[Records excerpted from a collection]
---------------

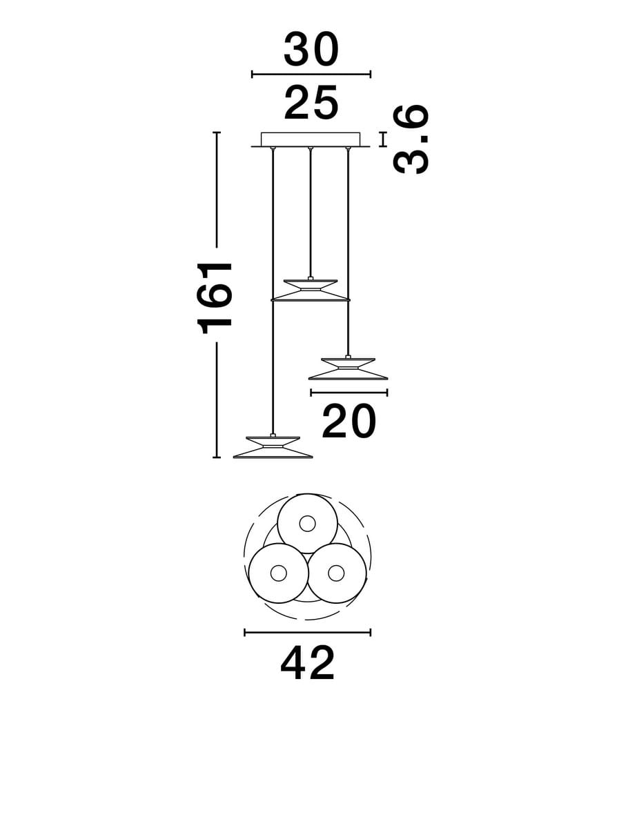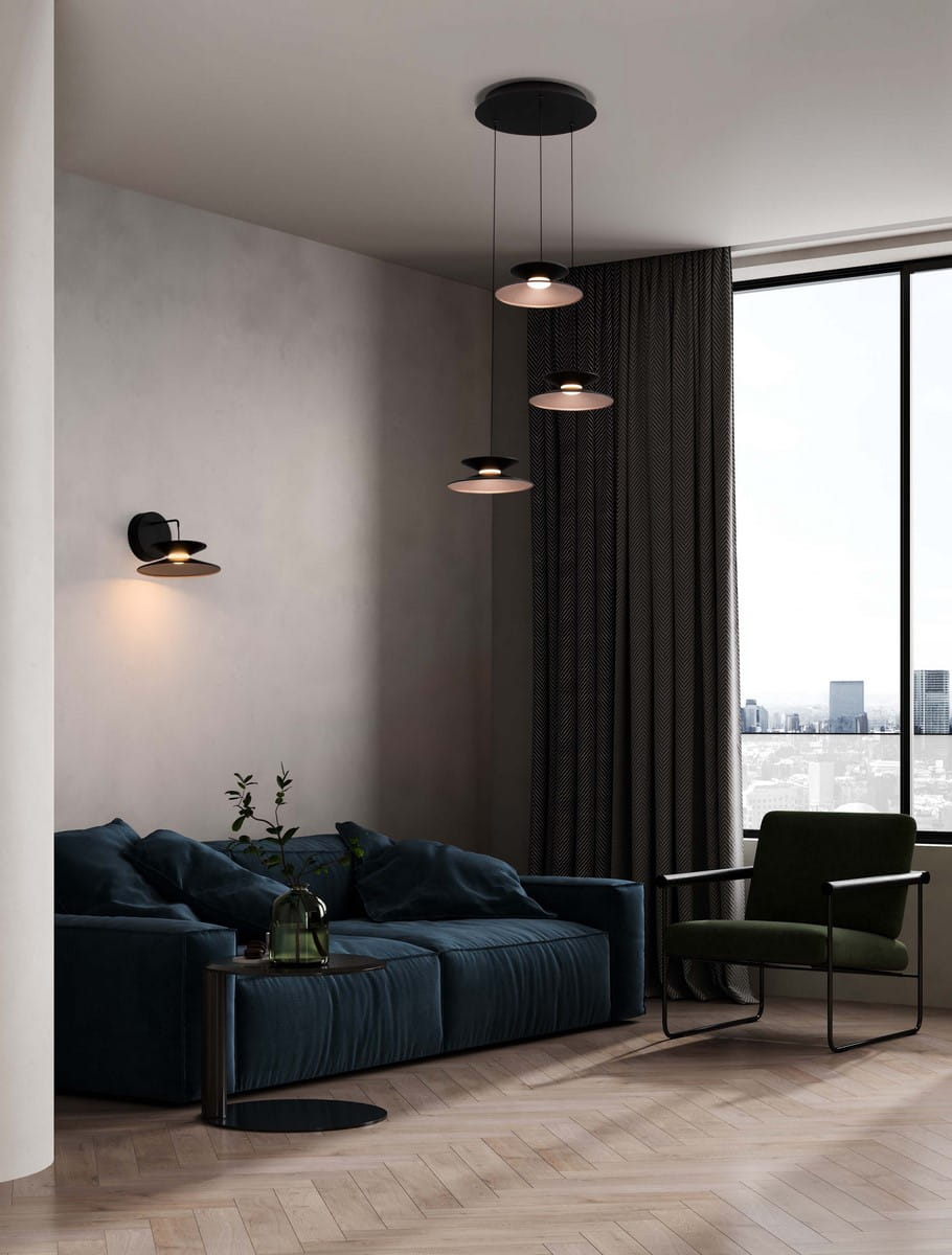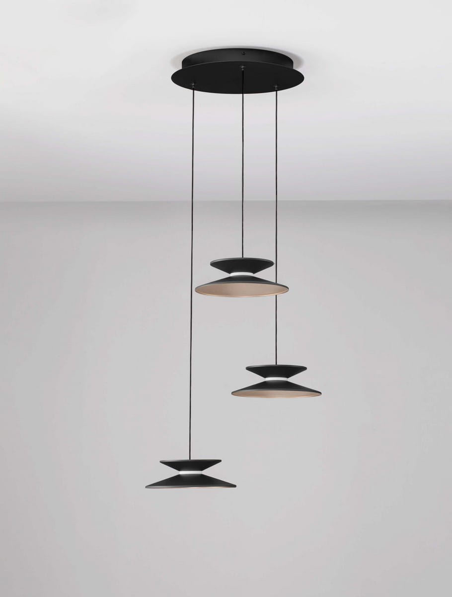 Wykonana z trwałych materiałów – stali, aluminium i akrylu – lampa jest nie tylko estetyczna, ale również funkcjonalna. Trzy klosze zawieszone na różnych wysokościach tworzą efekt wielopoziomowej kompozycji, która przyciąga uwagę i dodaje wnętrzu głębi. Czarne matowe klosze z subtelnym połyskiem wewnątrz idealnie komponują się z nowoczesnymi i eleganckimi aranżacjami.
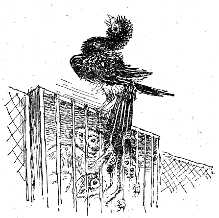 Докато вършех това, Кутберт направи няколко опита да подскочи на скута ми, но аз го предупредих най-категорично и в края на краищата той се отдръпна и в продължение на няколко минути размишляваше много задълбочено за нещо. Той реши, че бавното приближаване към мен не е успешно, затова се опита да ме изненада. Издебна ме, когато не гледах към него, изправи се и се опита да кацне на рамото ми. Разбира се, пропусна мястото на кацане и падна върху масата с разперени крила и силен изплашен писък и обърна за втори път мастилницата. Той недвусмислено разбра колко много ме ядоса това, отдръпна се в единия ъгъл на стаята и остана намусен там.
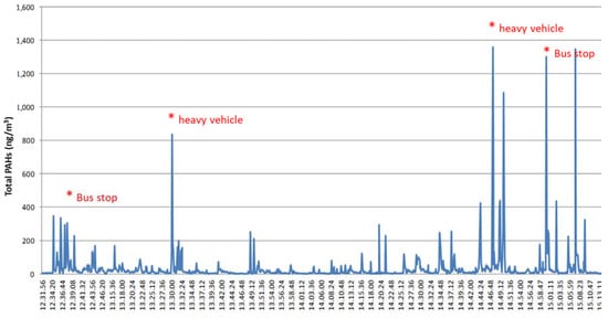 As shown in Figure 6, the two parallel streets of the monitoring pathway, although both downwind to the steel plant, did not show similar concentrations of total p-PAHs, decreasing with the distance from the industrial source and especially from the coke ovens. Taking into account the short duration of the monitoring experiment and the comparable traffic flow along both the parallel streets, it is possible to observe that the main street called Via Orsini showed higher values than via Lisippo, suggesting that this difference was due to the vehicular traffic source in addition to pollutant transport from the industrial source. The vehicular traffic source contribution was also confirmed by hourly concentrations of total p-PAHs, reported in Figure 7. The highest concentrations, indeed, were associated with the movement of both buses for public transportation and trucks that, through the urban streets, have direct access to the industrial area. Moreover, it is important to underline that the fixed environmental monitoring station Orsini is close to the bus station where vehicles stop for a while before leaving again. Therefore, the mobile monitoring experiment of total p-PAH concentrations revealed to be a useful tool to identify the vehicular traffic as an additional and not negligible source of p-PAHs and to highlight the potential high short-term effect that vehicular traffic sources could have on the health of the exposed general population and, specifically, on those professionals, such as traffic policemen, spending a long time at the road crossings. Indeed, as shown in Figure 7, real-time total p-PAH concentrations (mean value equal to 33.4 ng/m3) at the road crossings on the monitoring pathway can reach values higher than 1 μg/m3, confirming the findings of previous studies performed in European, South American and Asian countries, such as Mexico City [13], Zurich [14], Beijing [14], Paris [34] and Tokyo [34] (Table 3). More specifically, in this study, higher concentrations were registered in correspondence with the bus stops along the monitoring pathway and were generally related to both bus and truck movement in the investigated area, suggesting that their contribution to the p-PAH concentrations is greater than that solely related to the passenger vehicles [35], and is similar to the biomass burning contribution [36]. Moreover, these peak concentrations were higher than those registered in other cities worldwide, such as Bangkok [10], Basel [16], Tokyo [10,27], Hong Kong [30], Aosta (Italy) [37], Quito (Ecuador) [38], Los Angeles [39] and Roxbury (Massachusetts) [40], where the highest hourly concentrations of total p-PAHs ranged from 186 ng/m3 (Tokyo) to 475 ng/m3 (Aosta) (Table 3).
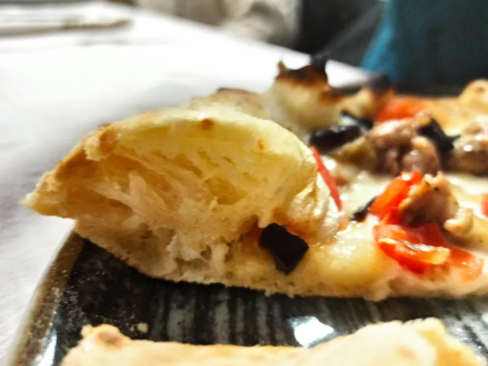 Tutti concordi sulla bontà dell’impasto fatto con farine tipo 00 e una manciata di tipo 0, e sulla sofficità dei cornicioni ottenuta con un’idratazione più spinta e una lunga lievitazione che, manco a dirlo, donano anche una leggerezza che permette di fare vari assaggi senza appesantirsi.
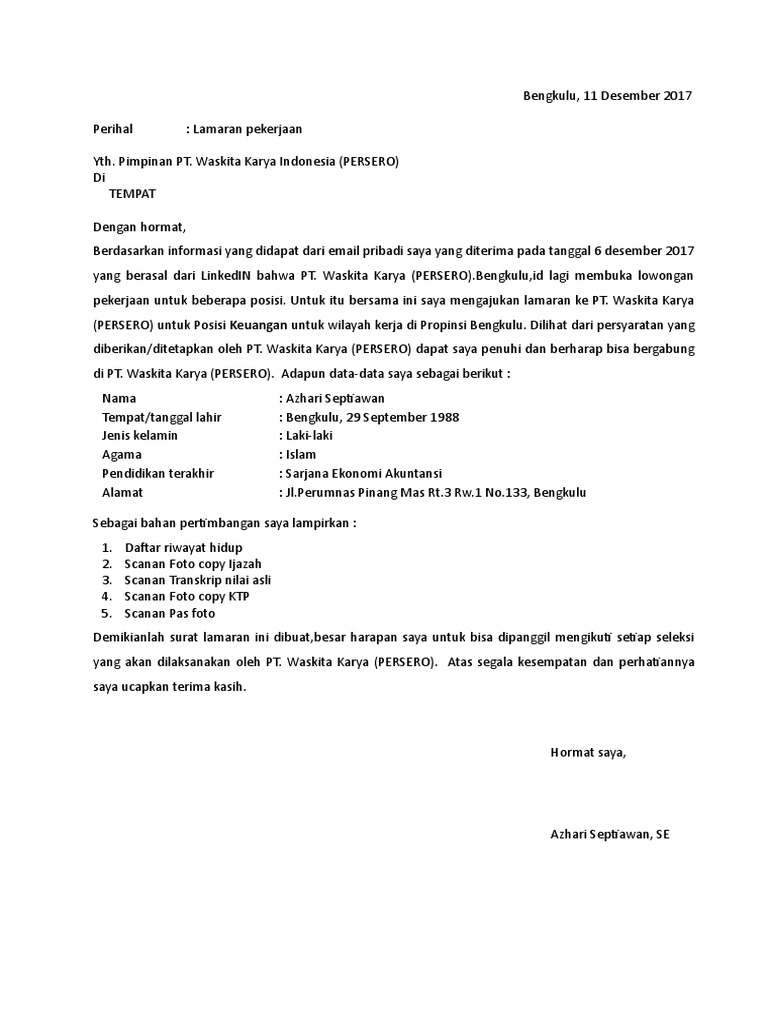 Contoh Surat Lamaran Cpns Provinsi Bengkulu
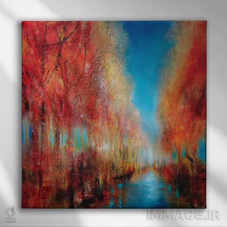 براساس پالت ترکیبی اثر، قاب تیک گرم (چوبی) پیشنهاد اول است و مشکی مات (فریم متوسط) مکمل. برای سفارشهای پروژهای با ابعاد و قابهای اختصاصی با ایماژ در تماس باشید.
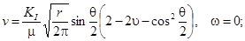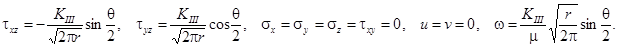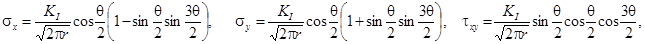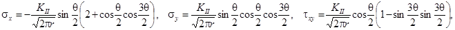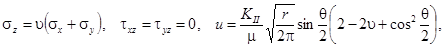 Эти формулы были получены для случая плоской деформации; в случае плоского напряженного состояния нужно взять в них sz=0 и заменить n на n/(1+n). Формулы справедливы в малой окрестности края трещины, т.е. r должно быть малым по сравнению с характерным линейным размером тела, например, длиной трещины или расстоянием ее конца от свободной границы.
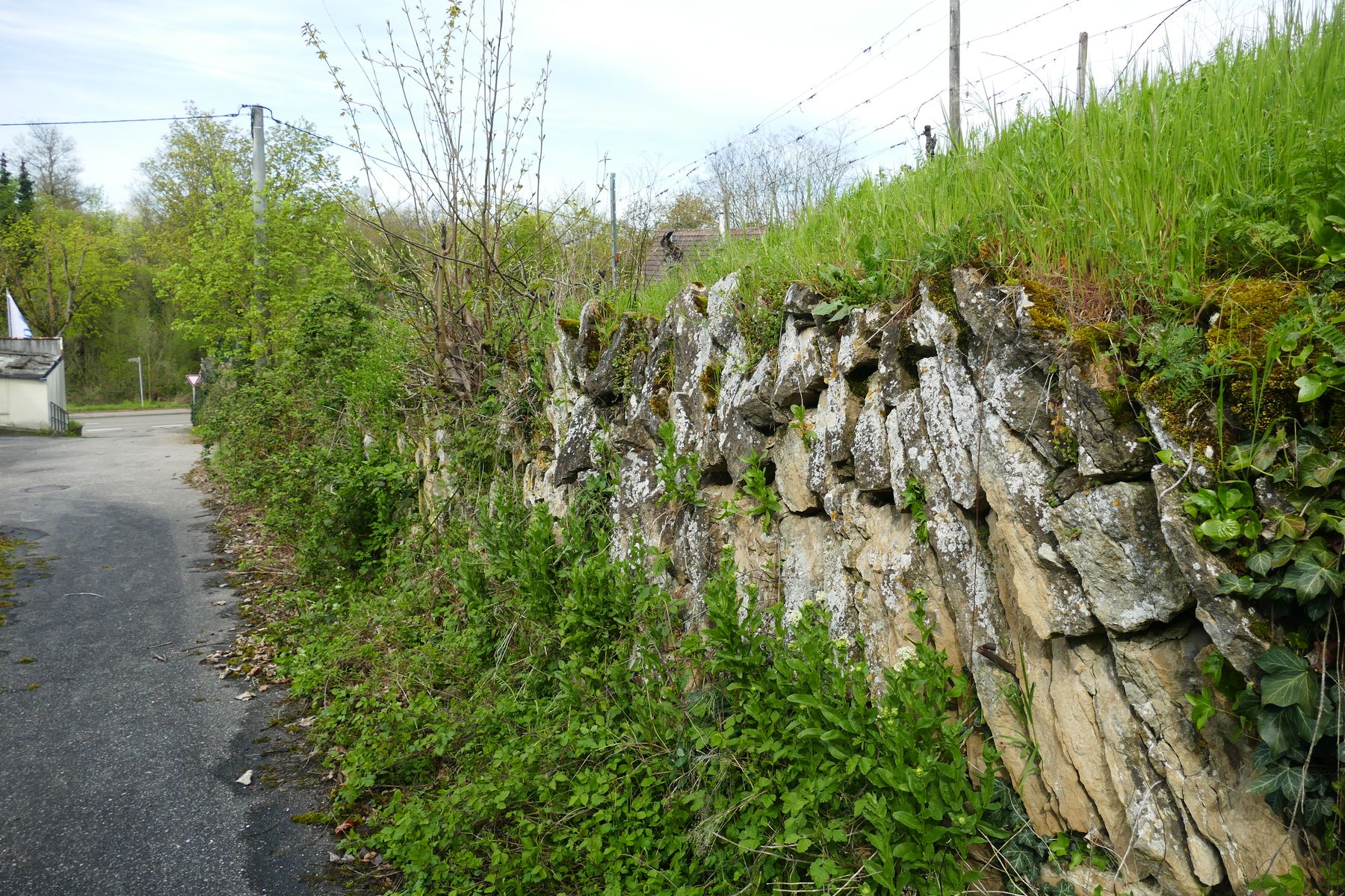 Bild 1 Trockensteinmauer in Südausrichtung, davor Brombeergestrüpp und Moos
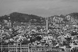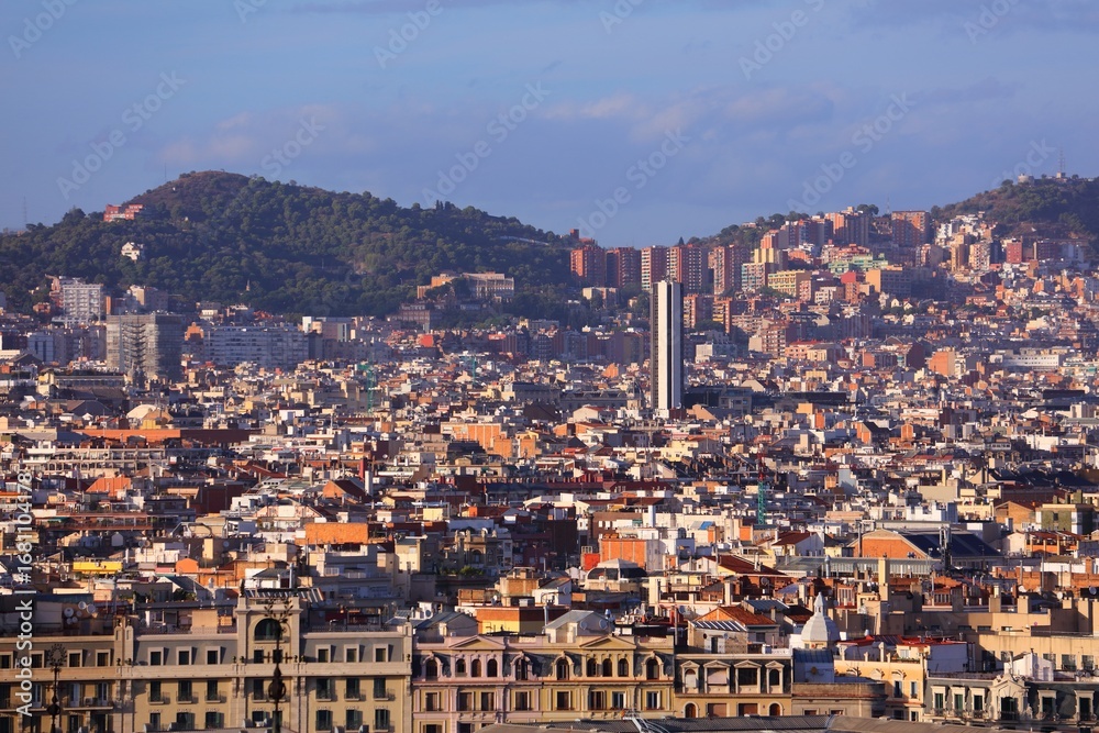 Eixample district of Barcelona city, Spain. Hills visible in background. Sunset light.

---------------

→ Instructions for the task: Retype, without any picture, exactly the lines from the one with "Tutti concordi sulla" through the end of the entries, inclusive.

→ Solution:
 Tutti concordi sulla bontà dell’impasto fatto con farine tipo 00 e una manciata di tipo 0, e sulla sofficità dei cornicioni ottenuta con un’idratazione più spinta e una lunga lievitazione che, manco a dirlo, donano anche una leggerezza che permette di fare vari assaggi senza appesantirsi.
 Contoh Surat Lamaran Cpns Provinsi Bengkulu
 براساس پالت ترکیبی اثر، قاب تیک گرم (چوبی) پیشنهاد اول است و مشکی مات (فریم متوسط) مکمل. برای سفارشهای پروژهای با ابعاد و قابهای اختصاصی با ایماژ در تماس باشید.
 Эти формулы были получены для случая плоской деформации; в случае плоского напряженного состояния нужно взять в них sz=0 и заменить n на n/(1+n). Формулы справедливы в малой окрестности края трещины, т.е. r должно быть малым по сравнению с характерным линейным размером тела, например, длиной трещины или расстоянием ее конца от свободной границы.
 Bild 1 Trockensteinmauer in Südausrichtung, davor Brombeergestrüpp und Moos
 Eixample district of Barcelona city, Spain. Hills visible in background. Sunset light.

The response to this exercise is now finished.